The second measure seeks a unified legal and operational framework across all tiers of government. By mandating common procedures for assessment, collection and dispute resolution, the bill aims to end the patchwork of local tax offices that have long frustrated compliance.

Yet centralisation stokes fears of an over-powerful Federal Inland Revenue Service (FIRS) overshadowing state and local governments.

As religious leaders have urged, any centralised regime must be accountable and transparent, lest citizens’ trust—and their willingness to pay—be further eroded.

Nigeria Revenue Service (Establishment) Bill: From FIRS to NRS

Repealing the Federal Inland Revenue Service Act and creating the autonomous Nigeria Revenue Service (NRS) is billed as the keystone reform.

The NRS’s expanded mandate will include non-tax revenue streams, backed by stringent performance-driven targets and oversight mechanisms.

Advocates point to nations such as South Africa and Kenya, where similar agencies have lifted tax-to-GDP ratios by over 50 percent within a decade.

But sceptics note that institutional independence without political insulation can breed new avenues for patronage and corruption.

Religious commentators warn that moral suasion must accompany legal reform if the NRS is to win public confidence.

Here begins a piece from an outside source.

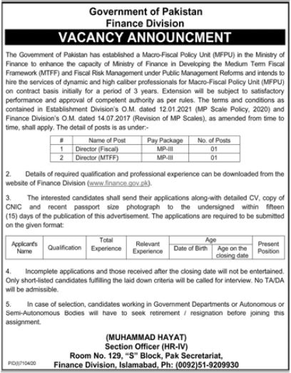 Apply as per details in job advertisement. Login to view further details of how to apply via https://www.jobz.pk online.
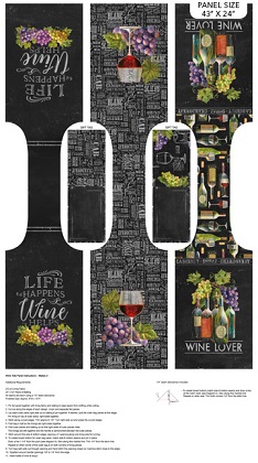 Created by talented duo, Ellen and Clark Studio, Life Happens, Wine Helps features beautifully illustrated wine bottles, grapes, and corks in a variety of prints. The 43" wide block print is running yardage. Use it as a cheater quilt or deconstruct to use as blocks in any project. The collection also features our new preprinted quick sew wine tote panel with 3 fabulous designs. Additionally, the collection includes a preprinted reversible apron panel that is super easy to make. A variety of mix and match prints complete the coordination.

Joint Revenue Board Bill: Cooperation or Contestation?

Finally, the Joint Revenue Board Bill envisages a formal governance structure to foster cooperation among federal, state and local authorities.

It establishes a Tax Appeal Tribunal and an Office of the Tax Ombudsman—innovations designed to bolster taxpayer rights and resolve disputes impartially.

However, the success of appeal mechanisms hinges on judicial independence and adequate resourcing.

The Catholic Church has previously lamented that without genuine checks, even the best-crafted institutions risk becoming paper tigers.

Promise and Peril: What Lies Ahead?

If effectively implemented, Thursday’s presidential assent could catalyse a revenue-driven turnaround, boosting spending on roads, education and healthcare while attracting foreign direct investment.

Nigeria’s rank of 131 out of 190 economies for ease of doing business—particularly in starting and financing enterprises—stands to improve significantly.

Yet the spectre of a VAT rise to 12.5 percent, critics argue, threatens to stifle consumption, hitting the poorest hardest and risking a contraction in economic activity.

As religious bodies from the Christian Association of Nigeria to Muslim scholars have reminded the nation, taxation is not merely a fiscal exercise but a moral covenant: citizens pay to sustain the common good and empower the vulnerable.

Thurday’s ceremony must therefore herald not only new laws, but a renewed social contract—anchored in transparency, accountability and a genuine commitment to uplift every Nigerian.

Only then can these landmark bills transcend political theatre and deliver the transformation the nation so desperately seeks.